Data shown
________________
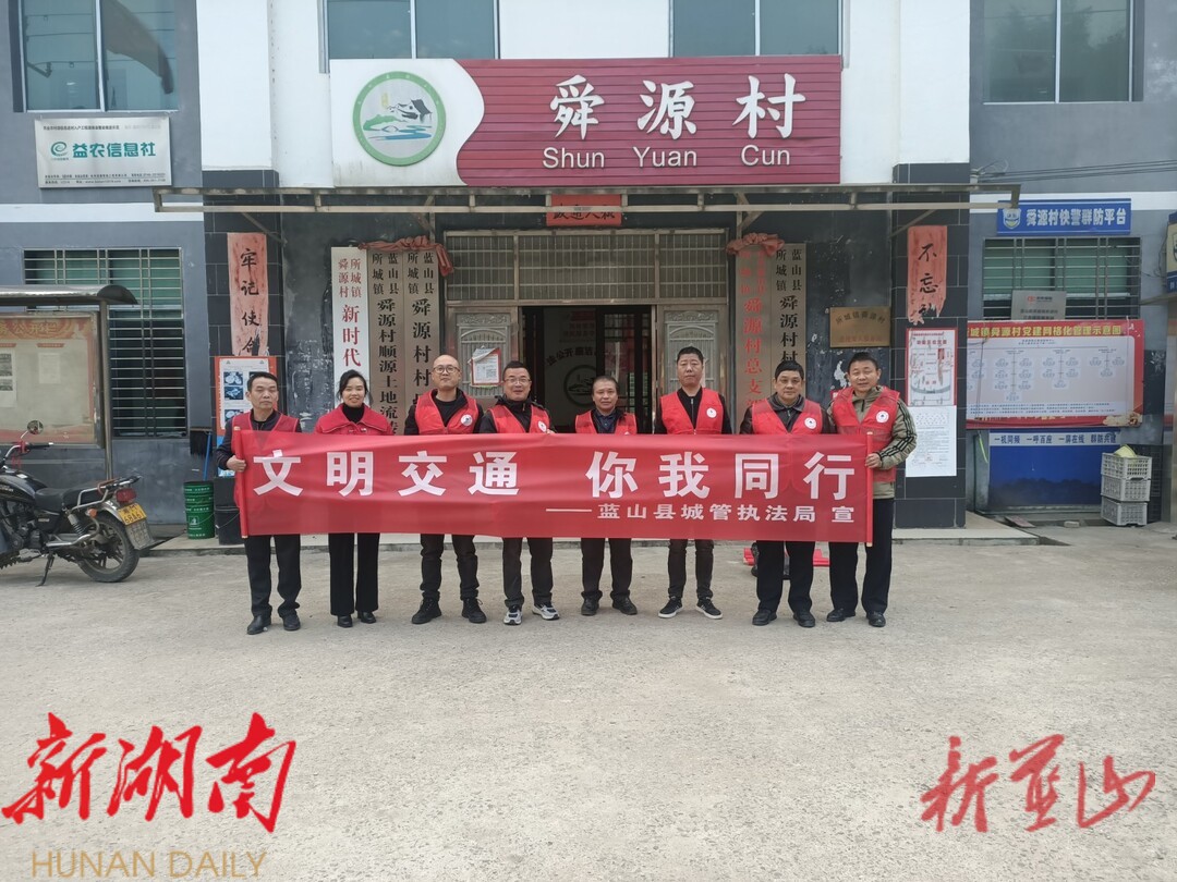 蓝山县城市管理和综合执法局党员志愿者深入所城镇舜源村开展全国交通安全日宣传活动
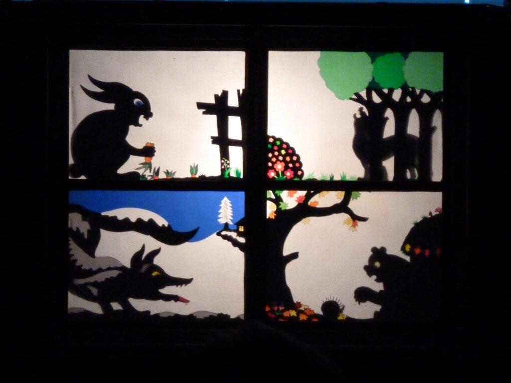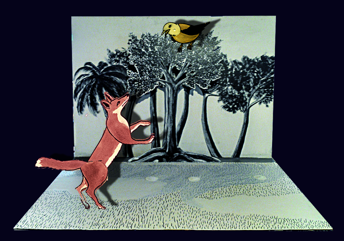 Quand les volets du théâtre de table s’ouvrent, le public découvre les illustrations qui se succèdent tout au long du spectacle.
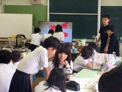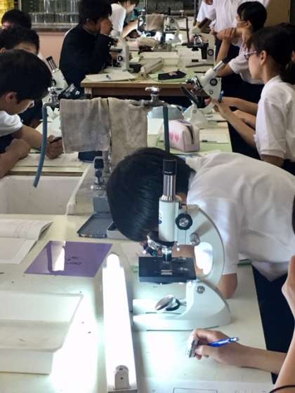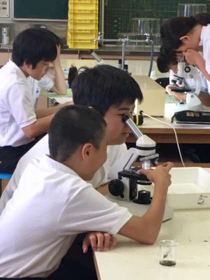 1年理科の授業です。顕微鏡を使ってミクロの世界を観察しています。ミカヅキモやミジンコが見られます。
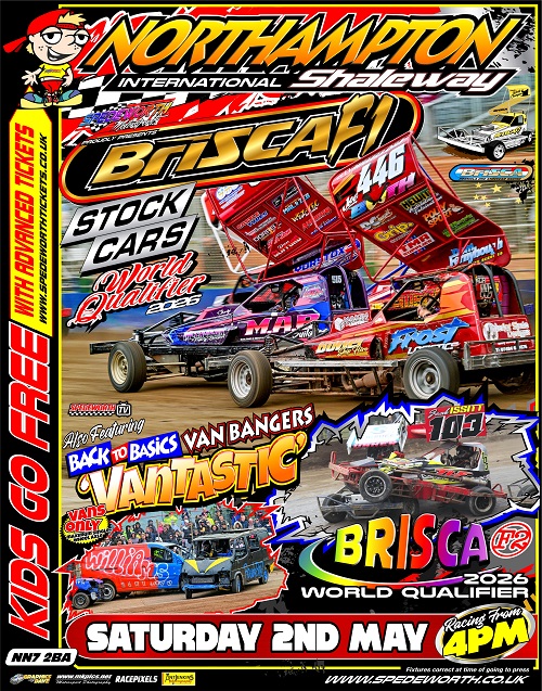 Spedeworth / Incarace would like to make all drivers and race fans aware that the start time for the event scheduled at Northampton International Shaleway on Saturday 2nd May has moved forward to 4pm due to the superb number of cars already booked in for the event.
________________
Instructions for the task
In your copy, include no pictures and only the lines from the line with "1年理科の授業です。顕微鏡を" through the final line of the listing above, reproduced exactly.

Completed exercise
 1年理科の授業です。顕微鏡を使ってミクロの世界を観察しています。ミカヅキモやミジンコが見られます。
 Spedeworth / Incarace would like to make all drivers and race fans aware that the start time for the event scheduled at Northampton International Shaleway on Saturday 2nd May has moved forward to 4pm due to the superb number of cars already booked in for the event.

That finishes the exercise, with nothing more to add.